AI Atlas Nexus provides tooling to bring together resources related to governance of foundation models. We support a community-driven approach to curating and cataloguing resources such as datasets, benchmarks and mitigations. Our goal is to turn abstract risk definitions into actionable workflows that streamline AI governance processes. By connecting fragmented resources, AI Atlas Nexus seeks to fill a critical gap in AI governance, enabling stakeholders to build more robust, transparent, and accountable systems. AI Atlas Nexus builds on the IBM AI Risk Atlas making this educational resource a nexus of governance assets and tooling. A knowledge graph of an AI system is used to provide a unified structure that links and contextualizes the very heterogeneous domain data.

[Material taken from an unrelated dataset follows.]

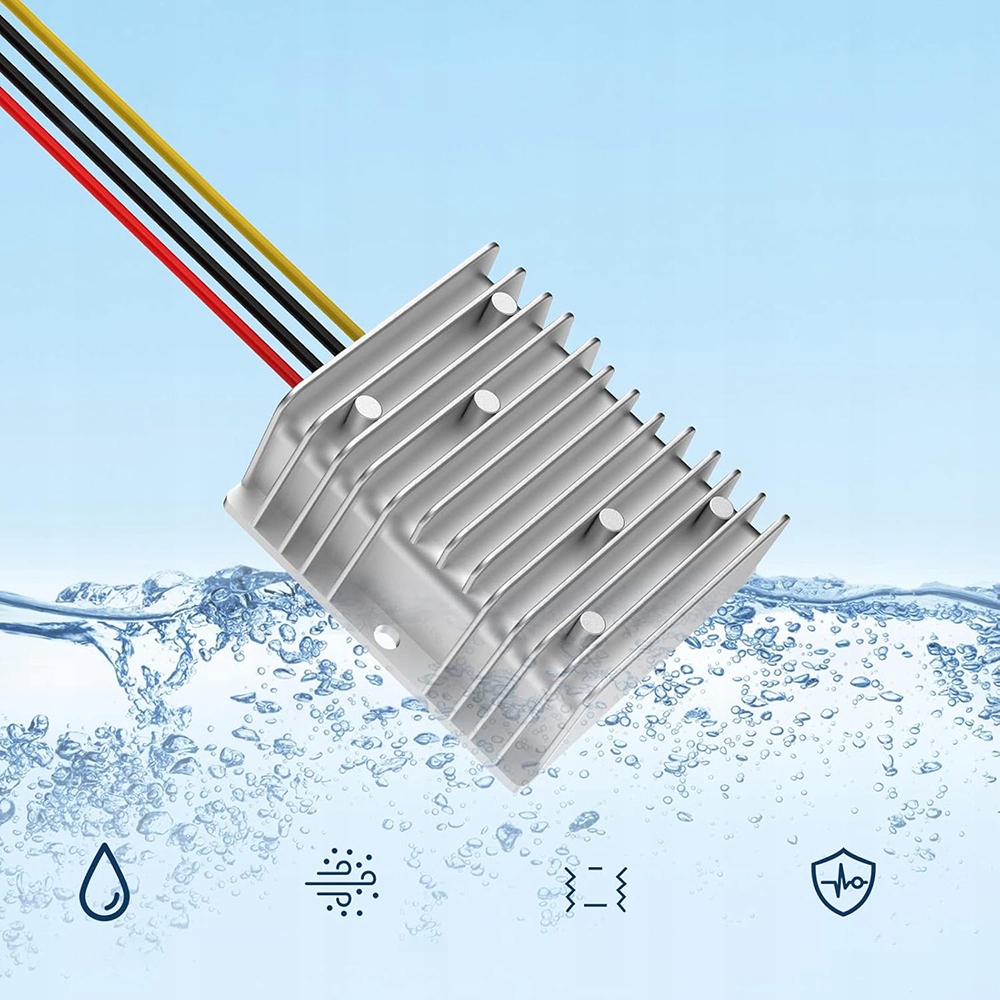 У перетворювачі працюють проблеми -вільні в найскладніших умовах, впливу важких факторів навколишнього середовища. Завдяки повній ізоляції в класі жорсткості IP68, інвертор може працювати в умовах високого запилення та вологи. Широкий діапазон робочих температур гарантує правильну роботу з високим сонячним світлом, поганою вентиляцією, у тісних місцях, в моторних відсіках. Діапазон вхідної напруги для правильної стабільної роботи становить 11-16 В.

Our intention is to create a starting point for an open AI Systems ontology whose focus is on risk and that the community can extend and enhance. This ontology serves as the foundation that unifies innovation and tooling in the AI risk space. By lowering the barrier to entry for developers, it fosters a governance-first approach to AI solutions, while also inviting the broader community to contribute their own tools and methodologies to expand its impact.

Features

🏗️ An ontology that combines the AI risk view (taxonomies, risks, actions) with an AI model view (AI systems, AI models, model evaluations) into one coherent schema
📚 AI Risks collected from IBM AI Risk Atlas, IBM Granite Guardian, MIT AI Risk Repository, NIST Artificial Intelligence Risk Management Framework: Generative Artificial Intelligence Profile, the AI Risk Taxonomy (AIR 2024), the AILuminate Benchmark, Credo's Unified Control Framework, and OWASP Top 10 for Large Language Model Applications
🔗 Mappings are proposed between the taxonomies and between risks and actions
🐍 Use the python library methods to quickly explore available risks, relations and actions
🚨 Use the python library methods to detect potential risks in your usecase
📤 Download an exported graph populated with data instances
✨ Example use-case of auto-assistance in compliance questionnaires using CoT examples and AI Atlas Nexus
🔧 Tooling to convert the LinkML schema and instance data into a Cypher representation to populate a graph database

Architecture

Links

AI Risk Ontology
Notebooks:
- AI Atlas Nexus Quickstart Overview of library functionality
- Risk identification Uncover risks related to your usecase
- Auto assist questionnaire Auto-fill questionnaire using Chain of Thought or Few-Shot Examples
- AI Tasks identification Uncover ai tasks related to your usecase
- AI Domain identification Uncover ai domain from your usecase
- Risk Categorization Assess and categorize the severity of risks associated with an AI system usecase. Prompt templates are used with thanks to https://doi.org/10.48550/arXiv.2407.12454.
- Crosswalk An example of generating crosswalk information between risks of two different taxonomies.
- Risk to ARES Evaluation ARES Integration for AI Atlas Nexus allows you to run AI robustness evaluations on AI Systems derived from use cases.
Additional Resources:
- Demonstrations A repo containing some demo applications using ai-atlas-nexus.
- Extensions A repo containing extensions and a cookie cutter template to create new open source ai-atlas-nexus extensions.
- IBM AI Risk Atlas
- Usage Governance Advisor: From Intent to AI Governance

Installation

This project targets python version ">=3.11, <3.12". You can download specific versions of python here: https://www.python.org/downloads/

Note: Replace INFERENCE_LIB with one of the LLM inference library [ollama, vllm, wml, rits] as explained here

To install the current release

pip install "ai-atlas-nexus[INFERENCE_LIB]"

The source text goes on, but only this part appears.